To keep a commercial fishing fleet in action requires support—everything from vessel maintenance to fuel and ice, and gear. On the rugged coast of northern California, Brian Kelley, the owner of Noyo Net Works in Fort Bragg, Calif., does everything he can to supply nets and pots for his family’s boats and others as far as Alaska.  

“Right now, we’re rigging Dungeness crab pots for Alaska,” says Kelley. “And I have four nets in the shop that we are building or repairing.”  

Kelley is the third generation of his family in the fish business. He owns one boat and part of another with his father and uncle, but since he got out of high school, he has opted to stay on shore and focus on gear. “Our family had a ranch in the valley; my grandfather grew almonds. In the summertime, they’d come over here and go salmon fishing.”

Eventually, they decided to stay, and Brian’s father started to build boats. “He built about 13 boats, including the Miss Kelley II, the one he and my uncle own now.” 

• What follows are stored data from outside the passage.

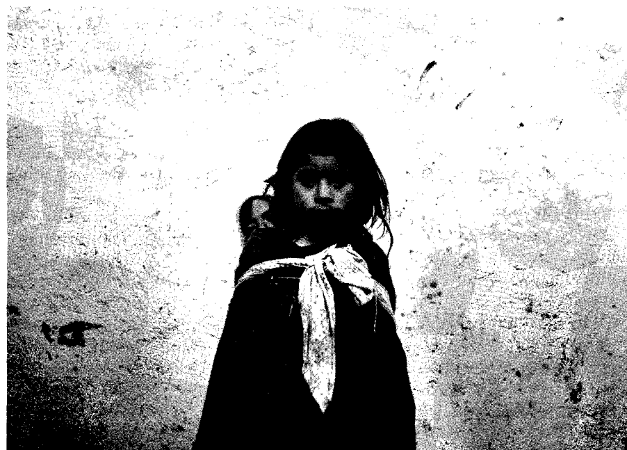
Contra la espada y la pared

No lo creo, porque al decir a la educación por la comunicación estoy afirmando precisamente que el punto de partida es la comunicación para llegar a lo educativo; al menos esa es la intencionalidad del libro. En otras palabras, lo que quiero afirmar es que se trata de una educación permeada por los flujos de la comunicación.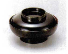
583-26-937 [A]5.5寸大平椀 黒内朱天黒 1,900円 16.6×9.5cm(430cc) 60入 74323935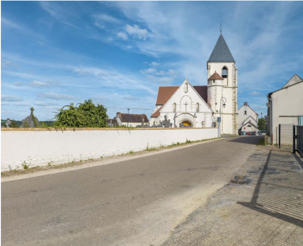
Vue d'ensemble de la façade principale et du clocher.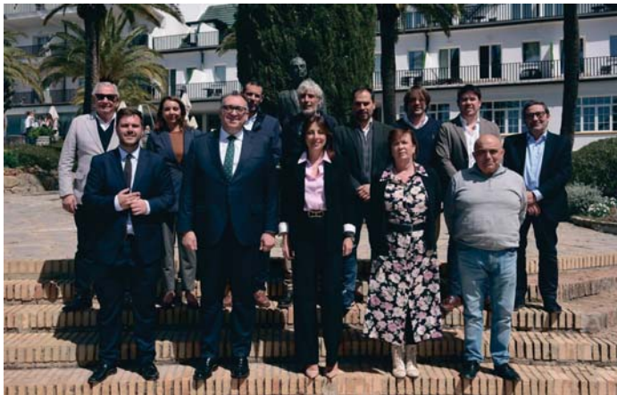
El consejero de Turismo se reunió en Ronda con representantes del sector para explicar las propuestas.

Hay que recordar que la alcaldesa también se reunió esta semana con Apymer y que este ente le pidió coordinar el citado encuentro con estas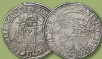
Daler 1534. RR.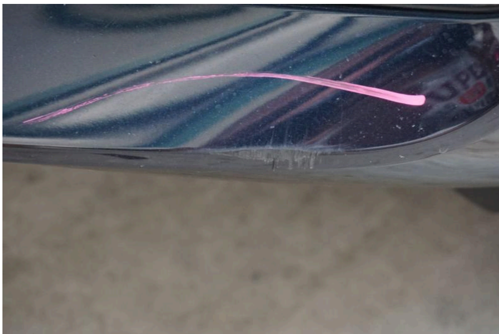
Bild 20 Fahrzeugfront Stoßfänger verschürft Materialabtrag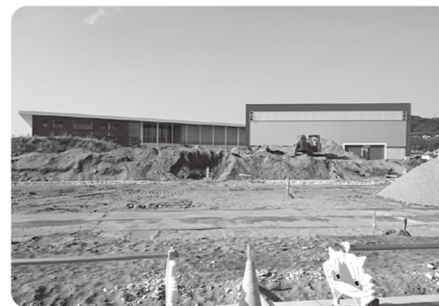
外構工事が進む総合防災公園

また、幼児エリア、木育エリアへの遊具の設置については一部既製品になるが、木育遊具については、市内の木工業者に依頼して設置する。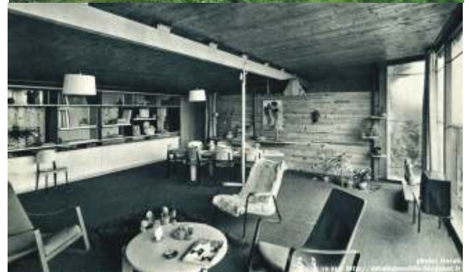
Sa maison de Nancy construite en 1954, « icône de l'architecture du 20 e siècle. »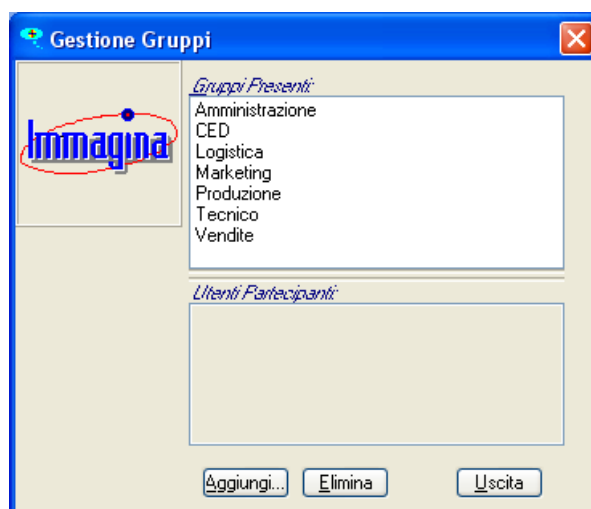
Fig. 6.6 – La finestra di gestione dei Gruppi

Il concetto di gruppo permette di dare accesso ad un archivio ad utenti con mansioni o necessità assimilabili.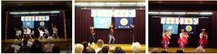
芸能発表の様子です。キッズダンスや伊予万歳も行われていました。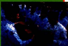
Penyerahan Hadiah Lomba Pemenang Lomba Web 2012

ditampilkan, mendukung percepatan pelaksanaan e-Government serta memanfaatkan situs web Kementerian Pertanian, SKPD lingkup pertanian provinsi, SKPD lingkup pertanian kabupaten/kota dan UPT Pusat lingkup pertanian sebagai sarana pelayanan kepada masyarakat. Sasaran dari lomba web adalah termotivasinya instansi pusat dan daerah untuk mengembangkan situs webnya, terpelihara dan diperbaharainya data dan informasi pertanian pada situs web pusat dan daerah dan terpetanya situs web lingkup pertanian pusat dan daerah. Peserta yang mengikuti lomba web tahun ini yaitu Eselon I lingkup Kementerian Pertanian, Satuan Kerja Perangkat Daerah (SKPD) lingkup pertanian Provinsi seluruh Indonesia yang telah memiliki website, Satuan Kerja Perangkat Daerah (SKPD) lingkup pertanian Kabupaten/kota seluruh Indonesia yang telah memiliki website serta Unit Pelayanan Teknis (UPT) Pusat lingkup pertanian yang telah memiliki website juga tentunya. Dampak positif dari penyelenggaraan lomba situs web tersebut adalah semakin teraturnya peremajaan situs web masing-masing Eselon I dan situs web SKPD lingkup pertanian provinsi serta SKPD lingkup pertanian kabupaten/kota. Hal ini menjadikan content (isi) situs web Kementerian Pertanian juga semakin diperkaya dengan adanya link ke masing-masing web tersebut.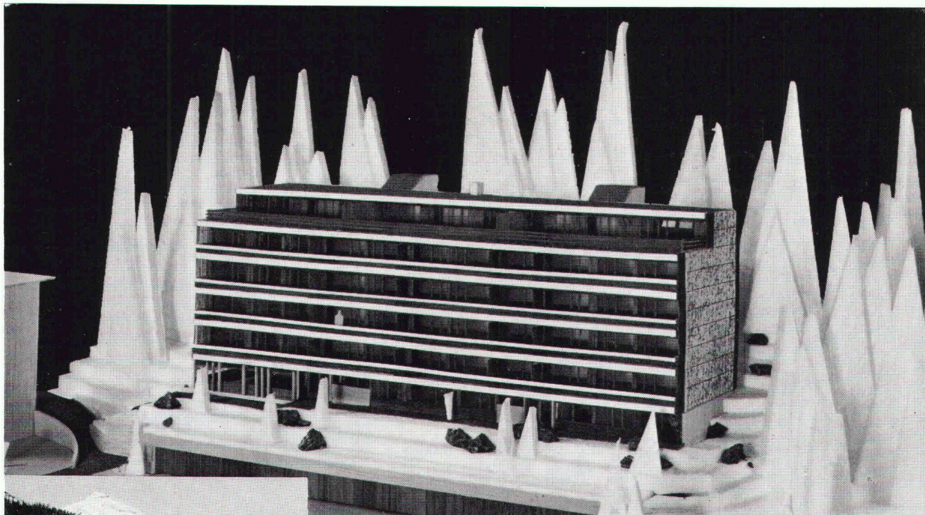
Überbauung Meiliboda 2, Elektrizitätswerk Arosa; total 30 Wohnungen; Anschlusswert ca. 380 kW

Verlags-AG der akademischen technischen Vereine, Zürich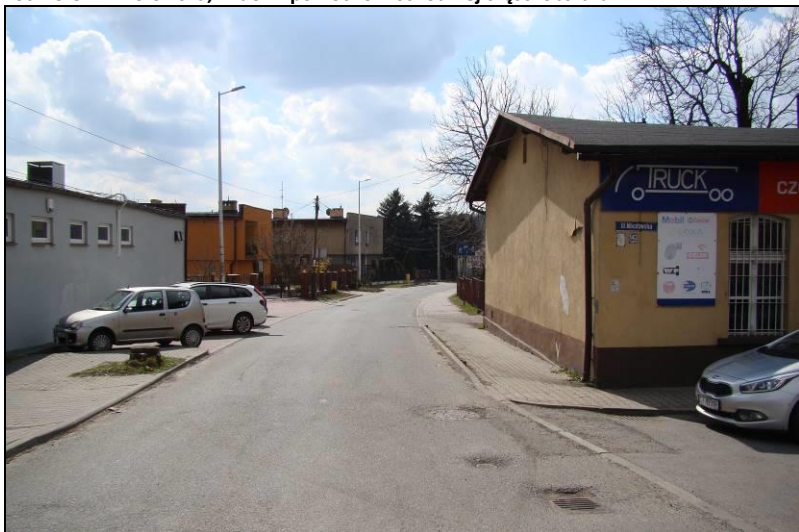
Fot. 14 Ul. Leśna, wschodnia granica terenu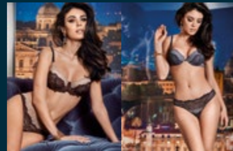
49 - SIMBOLO / SIMBOLO 50 - LOOK / LOOK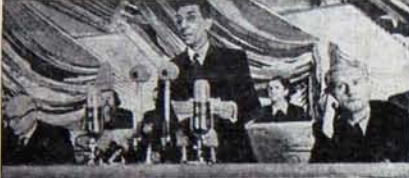
İkinci Dünya Kongresi Prezidyumu ve Joliot-Curie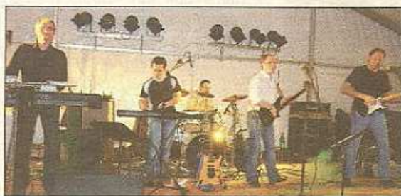
Für die nächtliche Unterhaltung ihrer Gäste hatte die Firma ESA die Gruppe „van voice“ engagiert.

As Kelley describes it, his career as a net builder started humbly. “I was a nail for an old Italian guy when I was about 5. I held the web, filled needles, and watched. Then my grandfather on my mother’s side decided to teach me how to really do it. He was hard on me. I thought he was mean.”

Tough though it was, the grandfather’s tutelage paid off, enabling Kelley to build his first net when he was 12. “I made $5 an hour, and I thought that was pretty good.”  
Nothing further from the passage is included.